16.1 The Seller will comply with all applicable data protection legislation in respect of any personal data which you provide when contacting us or which we collect as part of the ordering process. 
16.2 The information and data collected shall only be used by us for the purposes of processing your Order and marketing our products to you. For the avoidance of doubt, your information and data will never be passed on by us to a third party. We will keep your information and data on our records for a period of 5 years, after which point such records shall be destroyed.  

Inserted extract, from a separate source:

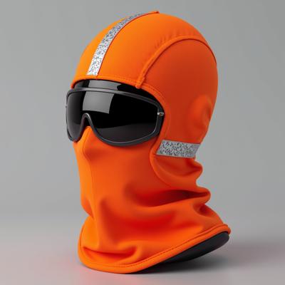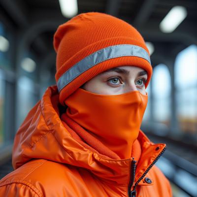 Сгенерируй зимнюю шапку со светоотражательной полосой для работников железнодорожного транспорта, чтобы была возможность носить каску, светоотражающая полоса должна быть вдоль всей длины шапки, цвет шапки оранжевый, добавь возможность носить её как балаклава, чтобы была возможность закрывать лицо зимой от холода

16.3 When purchasing Products from us, you will be asked to confirm that we may email you from time to time with details of our products that we think you might be interested in. Should you opt in to receiving marketing emails, you are confirming that we can email you for marketing purposes. Please note that you may unsubscribe from receiving our marketing emails at any time by emailing dave@lesemail.com 

 

  1. 17. Variations

We have the right to revise and amend these Conditions from time to time. You will be subject to the policies and terms and conditions in force at the time that you order Products from us, unless any change to those policies or terms and conditions is required to be made by law or governmental authority (in which case it will apply to orders previously placed by you).  

 

  1. Governing Law and Jurisdiction

These Conditions shall be governed and construed in accordance with the laws of Scotland and the parties hereby submit to the non-exclusive jurisdiction of the Scottish courts.